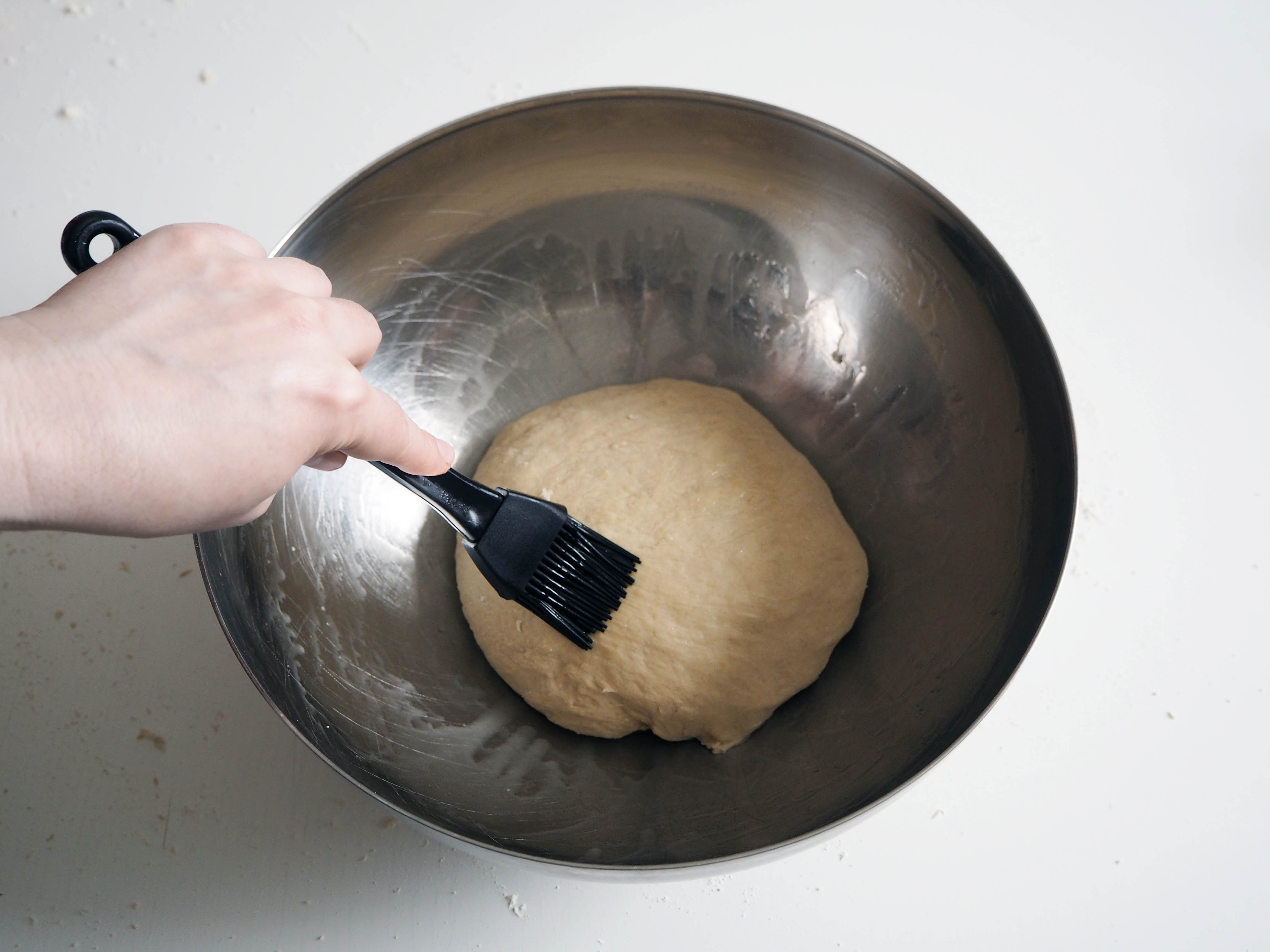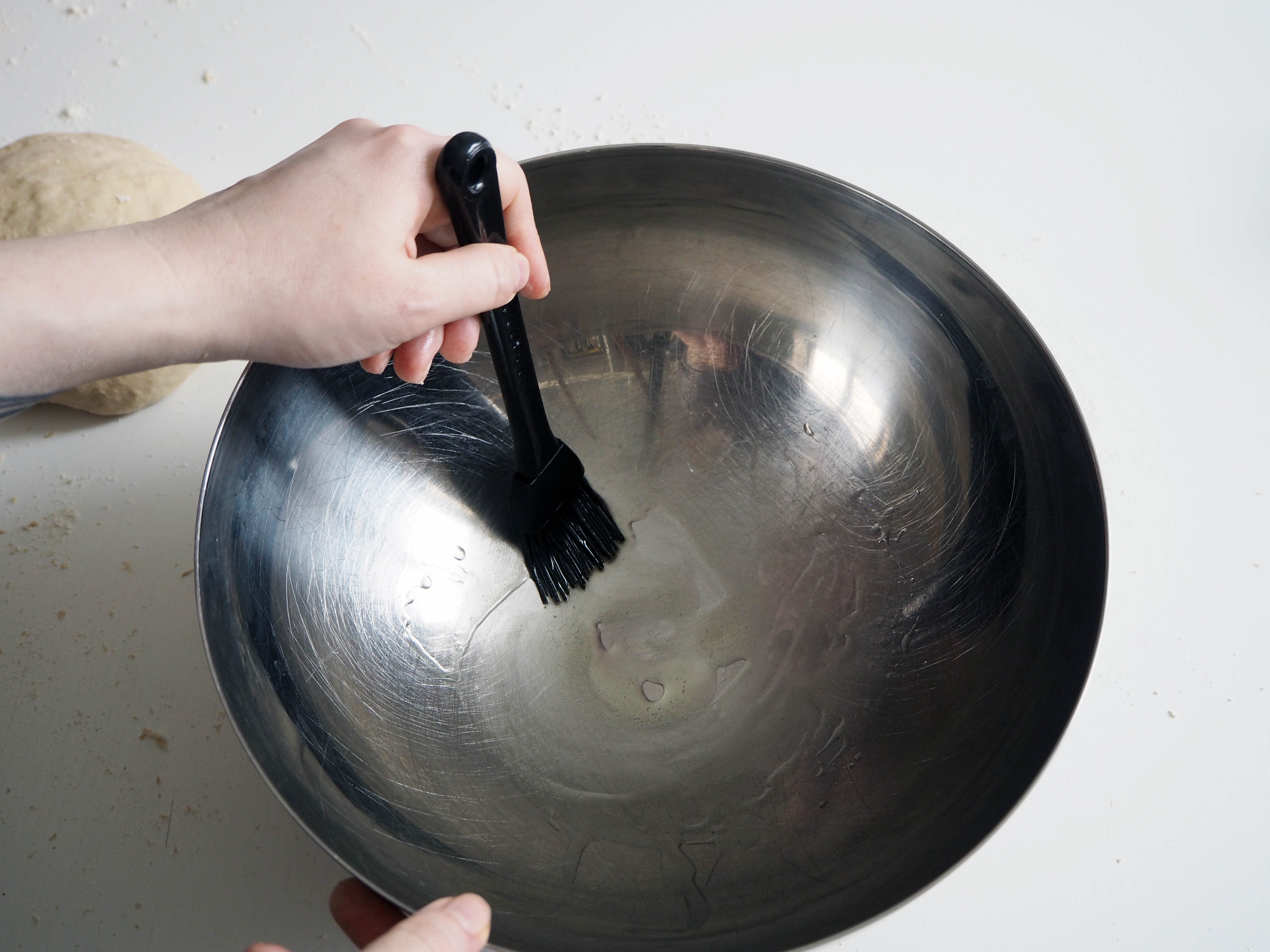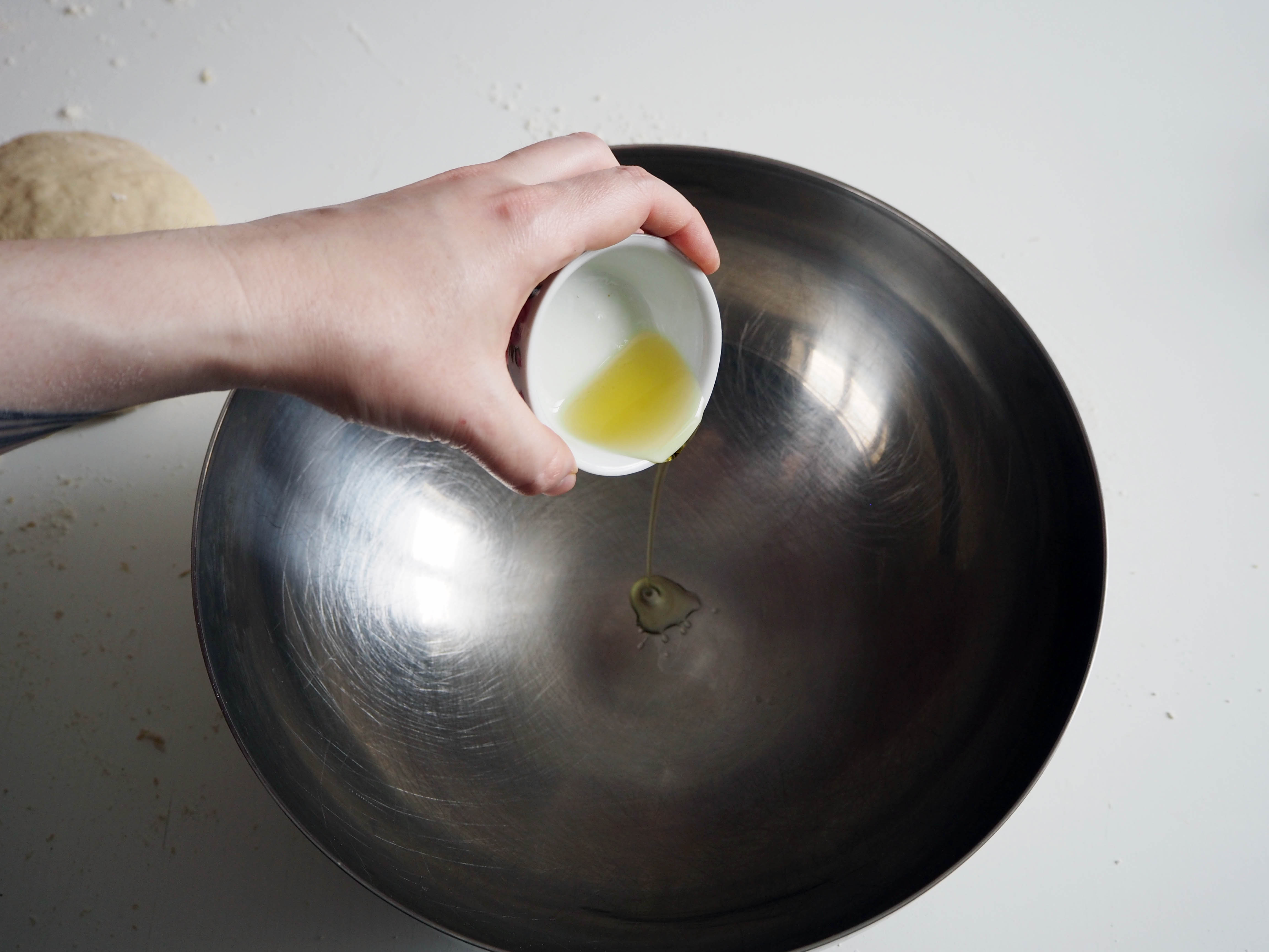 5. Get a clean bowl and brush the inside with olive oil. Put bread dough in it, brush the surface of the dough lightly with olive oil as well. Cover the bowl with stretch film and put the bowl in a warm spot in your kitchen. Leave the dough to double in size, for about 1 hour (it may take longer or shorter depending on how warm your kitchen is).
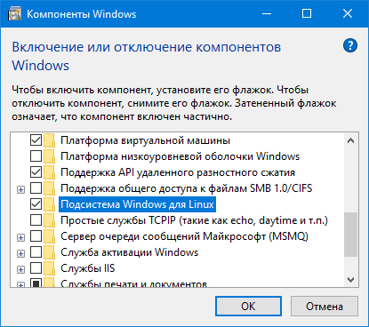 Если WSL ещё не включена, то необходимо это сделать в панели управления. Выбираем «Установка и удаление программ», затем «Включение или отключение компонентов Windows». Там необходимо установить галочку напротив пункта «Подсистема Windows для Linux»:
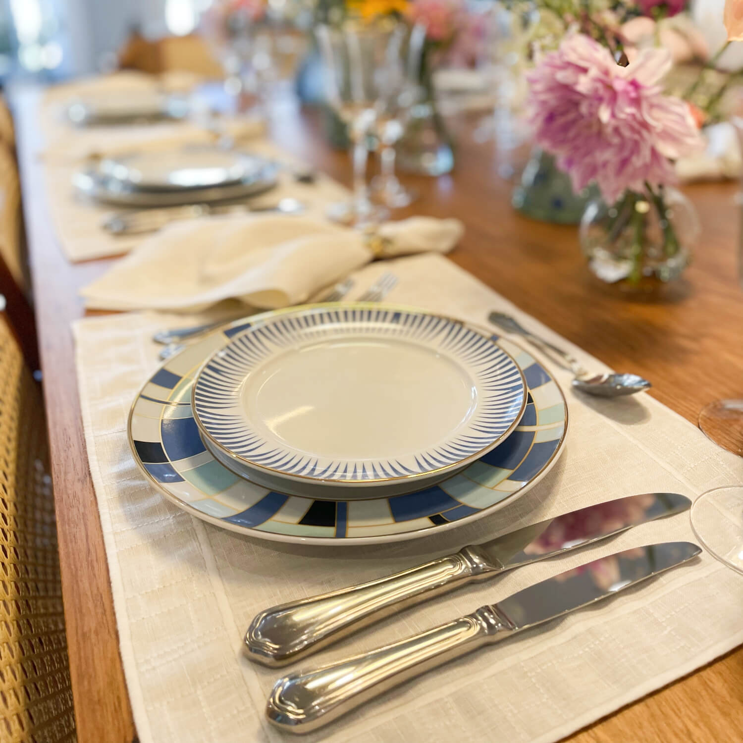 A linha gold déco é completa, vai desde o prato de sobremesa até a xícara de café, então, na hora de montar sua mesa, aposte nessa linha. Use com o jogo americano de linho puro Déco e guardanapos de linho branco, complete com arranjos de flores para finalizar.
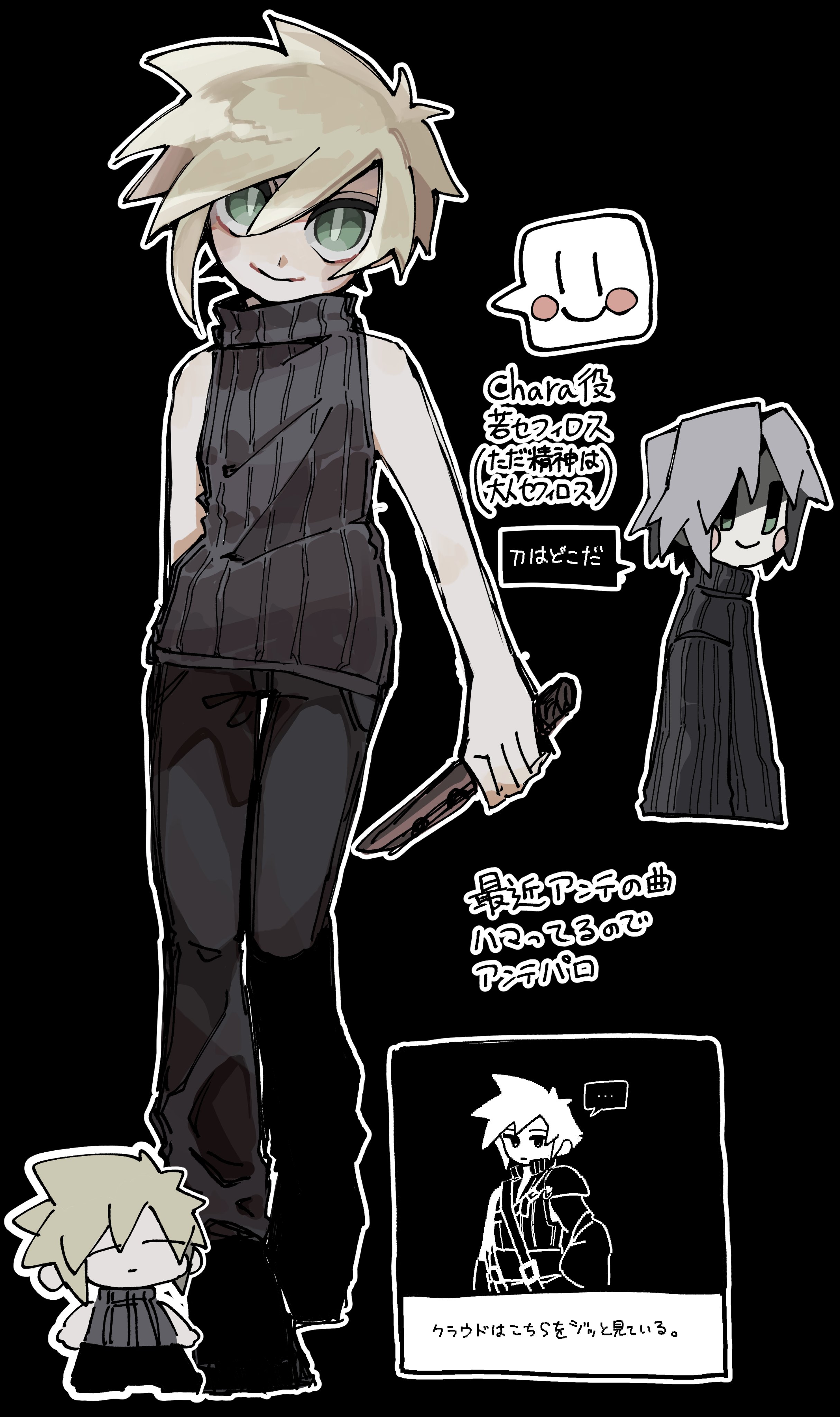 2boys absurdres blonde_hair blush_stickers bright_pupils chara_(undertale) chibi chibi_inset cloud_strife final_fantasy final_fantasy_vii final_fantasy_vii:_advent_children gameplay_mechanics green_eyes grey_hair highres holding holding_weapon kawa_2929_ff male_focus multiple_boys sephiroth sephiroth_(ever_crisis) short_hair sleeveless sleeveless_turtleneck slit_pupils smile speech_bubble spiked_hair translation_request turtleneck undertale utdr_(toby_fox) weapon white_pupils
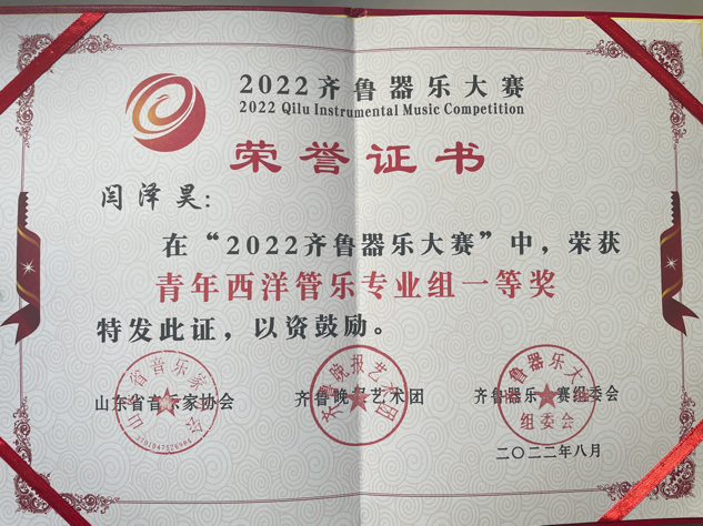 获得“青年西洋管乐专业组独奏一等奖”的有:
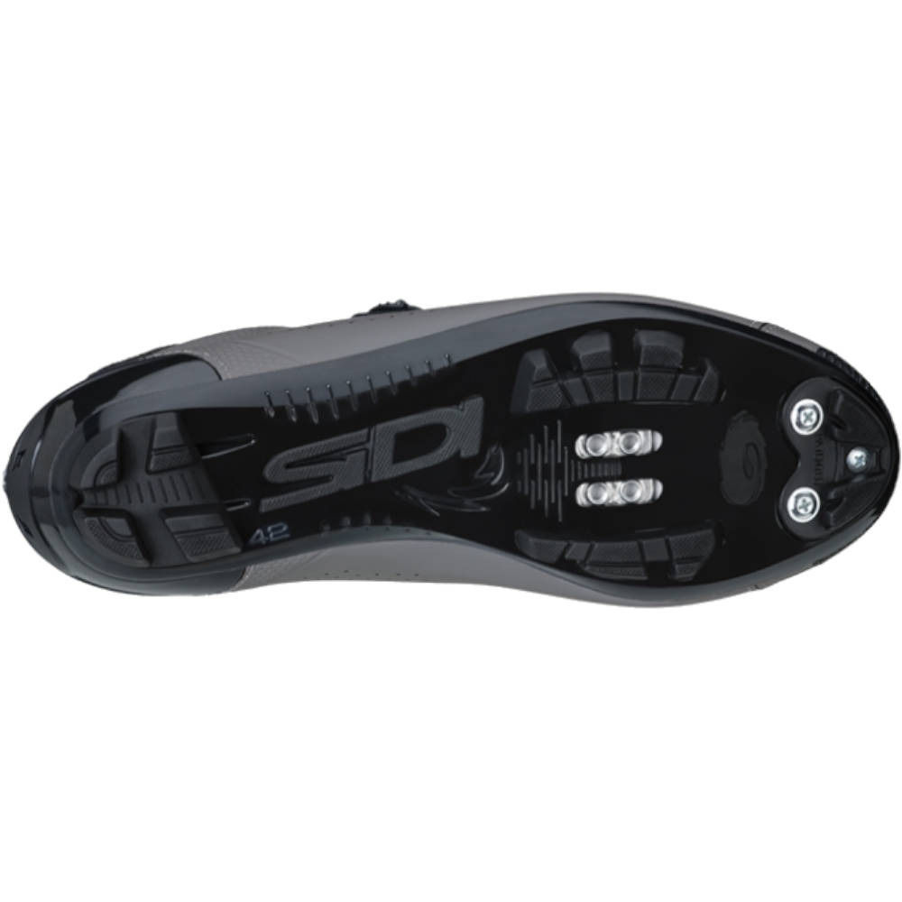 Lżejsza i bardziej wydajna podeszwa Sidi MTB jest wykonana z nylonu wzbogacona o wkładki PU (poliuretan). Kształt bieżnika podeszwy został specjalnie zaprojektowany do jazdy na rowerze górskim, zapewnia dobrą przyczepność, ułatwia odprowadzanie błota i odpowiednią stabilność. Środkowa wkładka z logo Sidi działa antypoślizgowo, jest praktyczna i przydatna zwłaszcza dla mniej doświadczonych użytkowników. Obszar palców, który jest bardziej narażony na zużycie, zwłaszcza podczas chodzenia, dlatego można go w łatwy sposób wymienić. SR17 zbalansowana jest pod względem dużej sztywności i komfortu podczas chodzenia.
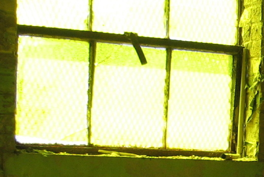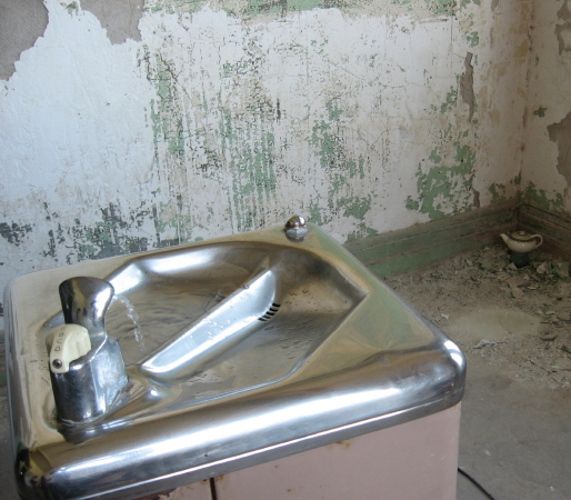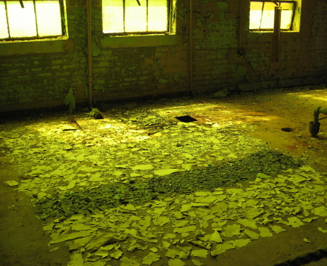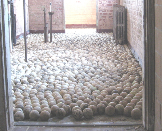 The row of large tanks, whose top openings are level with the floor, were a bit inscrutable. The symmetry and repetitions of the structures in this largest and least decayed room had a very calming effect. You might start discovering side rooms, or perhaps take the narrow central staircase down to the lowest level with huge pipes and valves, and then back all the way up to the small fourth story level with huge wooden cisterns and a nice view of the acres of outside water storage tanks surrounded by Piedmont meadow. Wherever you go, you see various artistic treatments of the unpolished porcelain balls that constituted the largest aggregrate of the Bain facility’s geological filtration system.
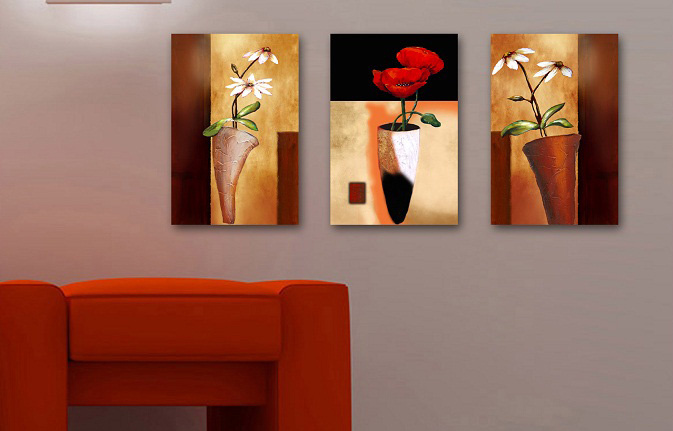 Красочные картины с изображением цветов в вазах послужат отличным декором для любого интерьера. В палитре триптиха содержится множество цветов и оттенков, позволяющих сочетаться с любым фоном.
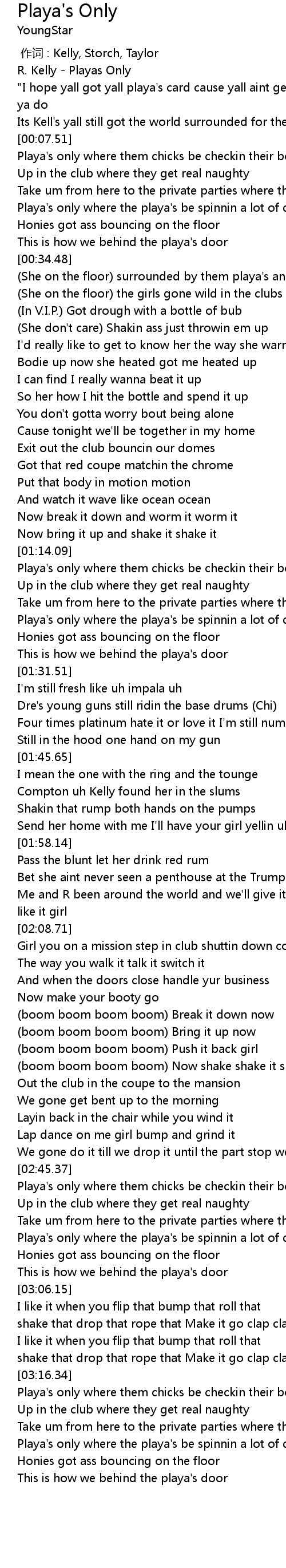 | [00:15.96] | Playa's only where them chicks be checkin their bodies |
-.-.-
▶ About this exercise
If an entry contains an image, please omit that image and print everything else verbatim.

▶ Task answer
 5. Get a clean bowl and brush the inside with olive oil. Put bread dough in it, brush the surface of the dough lightly with olive oil as well. Cover the bowl with stretch film and put the bowl in a warm spot in your kitchen. Leave the dough to double in size, for about 1 hour (it may take longer or shorter depending on how warm your kitchen is).
 Если WSL ещё не включена, то необходимо это сделать в панели управления. Выбираем «Установка и удаление программ», затем «Включение или отключение компонентов Windows». Там необходимо установить галочку напротив пункта «Подсистема Windows для Linux»:
 A linha gold déco é completa, vai desde o prato de sobremesa até a xícara de café, então, na hora de montar sua mesa, aposte nessa linha. Use com o jogo americano de linho puro Déco e guardanapos de linho branco, complete com arranjos de flores para finalizar.
 2boys absurdres blonde_hair blush_stickers bright_pupils chara_(undertale) chibi chibi_inset cloud_strife final_fantasy final_fantasy_vii final_fantasy_vii:_advent_children gameplay_mechanics green_eyes grey_hair highres holding holding_weapon kawa_2929_ff male_focus multiple_boys sephiroth sephiroth_(ever_crisis) short_hair sleeveless sleeveless_turtleneck slit_pupils smile speech_bubble spiked_hair translation_request turtleneck undertale utdr_(toby_fox) weapon white_pupils
 获得“青年西洋管乐专业组独奏一等奖”的有:
 Lżejsza i bardziej wydajna podeszwa Sidi MTB jest wykonana z nylonu wzbogacona o wkładki PU (poliuretan). Kształt bieżnika podeszwy został specjalnie zaprojektowany do jazdy na rowerze górskim, zapewnia dobrą przyczepność, ułatwia odprowadzanie błota i odpowiednią stabilność. Środkowa wkładka z logo Sidi działa antypoślizgowo, jest praktyczna i przydatna zwłaszcza dla mniej doświadczonych użytkowników. Obszar palców, który jest bardziej narażony na zużycie, zwłaszcza podczas chodzenia, dlatego można go w łatwy sposób wymienić. SR17 zbalansowana jest pod względem dużej sztywności i komfortu podczas chodzenia.
 The row of large tanks, whose top openings are level with the floor, were a bit inscrutable. The symmetry and repetitions of the structures in this largest and least decayed room had a very calming effect. You might start discovering side rooms, or perhaps take the narrow central staircase down to the lowest level with huge pipes and valves, and then back all the way up to the small fourth story level with huge wooden cisterns and a nice view of the acres of outside water storage tanks surrounded by Piedmont meadow. Wherever you go, you see various artistic treatments of the unpolished porcelain balls that constituted the largest aggregrate of the Bain facility’s geological filtration system.
 Красочные картины с изображением цветов в вазах послужат отличным декором для любого интерьера. В палитре триптиха содержится множество цветов и оттенков, позволяющих сочетаться с любым фоном.
 | [00:15.96] | Playa's only where them chicks be checkin their bodies |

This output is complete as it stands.